My family is caring many animals on street (mainly driving around the areas near the house & small farm and providing food and water to cats and dogs twice a day). Because of tough situations (e.g. no food, many cars, tough weather), many street animals passed away even though we brought them to veterinarians when they got unwell. We got a lot of “I am not sure” answers from vets even after x-rays/scans; then we had to follow a sort of ‘experimental’ instructions to try whether a particular treatment works (it works about 50:50 - we buried many). I am, therefore, looking forward to the development of some progress in this field.

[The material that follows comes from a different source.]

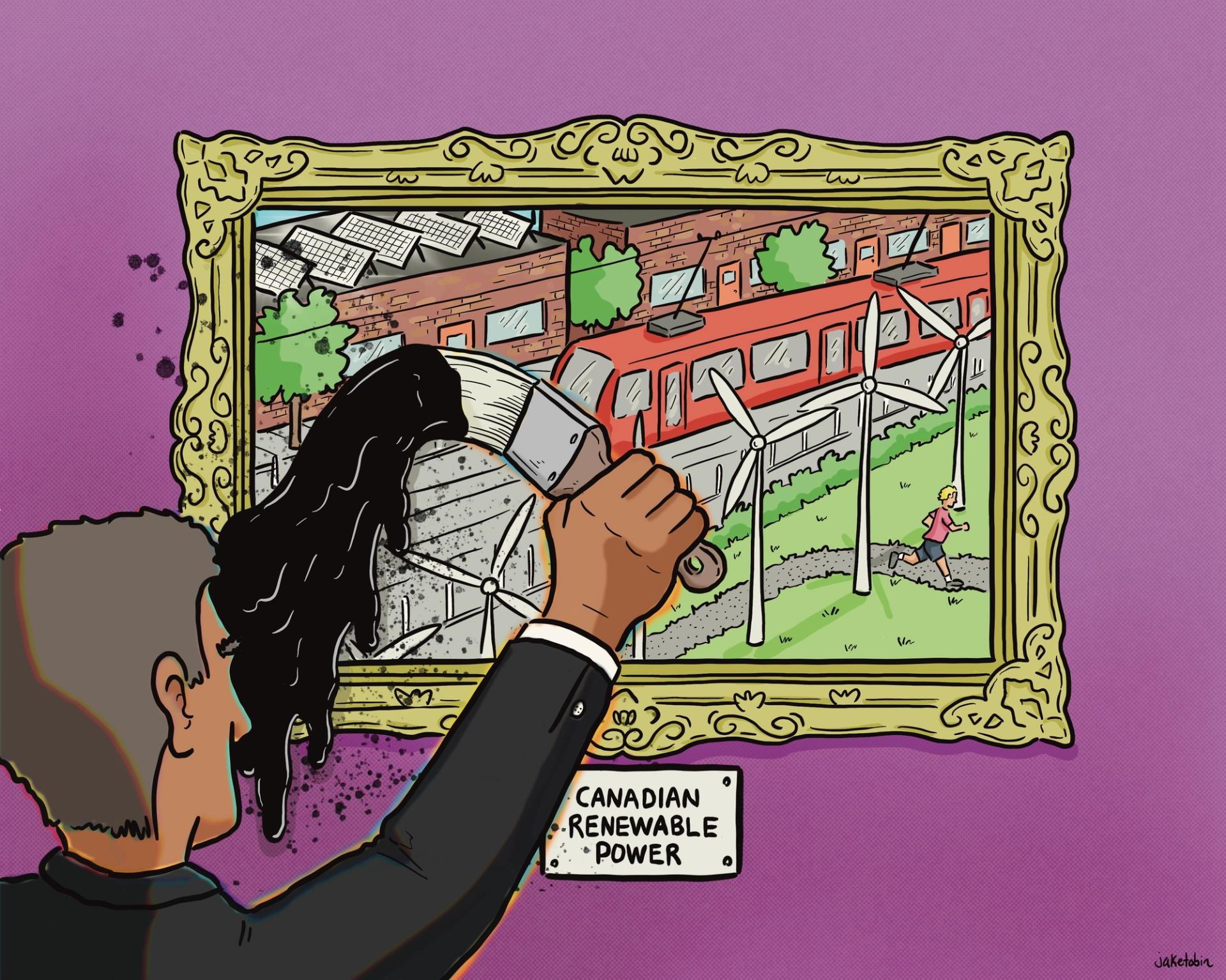 Illustration for Environmental Defence campaign to end fossil fuel subsidies. Brief was to show a sustainable, bright future with local food, transit, and renewable energy in a city enjoyed by people of all ages, abilities, and background. 2024

In the mean time, if you need any help, please count me in. Once again, thanks a lot.

kvinicki · January 23, 2018, 7:09am

I read in this post that i need to label images with labelImg so i will have .xml: About bounding box localization. I will try this today

EDIT: we can just keep it simple and put two zip files: one with images and another with .xml files

kvinicki · January 23, 2018, 7:31am

Tnx a lot

I am very familiar with such stories. Unfortunately, in veterinary medicine specialization is not so common and the same person has to be a radiologist, surgeon, etc - and this is simply not possible

LaPatel · April 1, 2018, 3:26am

@kvinicki You seem to be a game changer in the making. I wish you all the best for your noble and scientific endeavor. If you need some web space, I can arrange for it on our website.

https://www.kaggle.com/datasets will be a nice option worth considering.
https://github.com/Reuben-Thorpe/open.data model may help you for using GitHub for your dataset.
Do get your dataset added in https://github.com/awesomedata/awesome-public-datasets to let others know about it.

kvinicki · April 1, 2018, 7:21am

Hi LaPatel,

Thanks Especially for the second link. I will probably use this model for linking vet datasets

Dataset was uploaded couple of days ago on kaggle: https://www.kaggle.com/tentotheminus9/feline-reticulocytes. The reason it took so long for one dataset is that I was expected to write a paper and that took some time. But, after this paper, my faculty wants to be one of the pioneers in deep learning-based medical imaging in veterinary medicine so everything will go faster now.

Roszko · December 17, 2020, 1:30pm

I have a similar product in mind - where analyzing human blood cells lets you draw a rectangle around recognized cells, also counting them. Did you have any success in the field?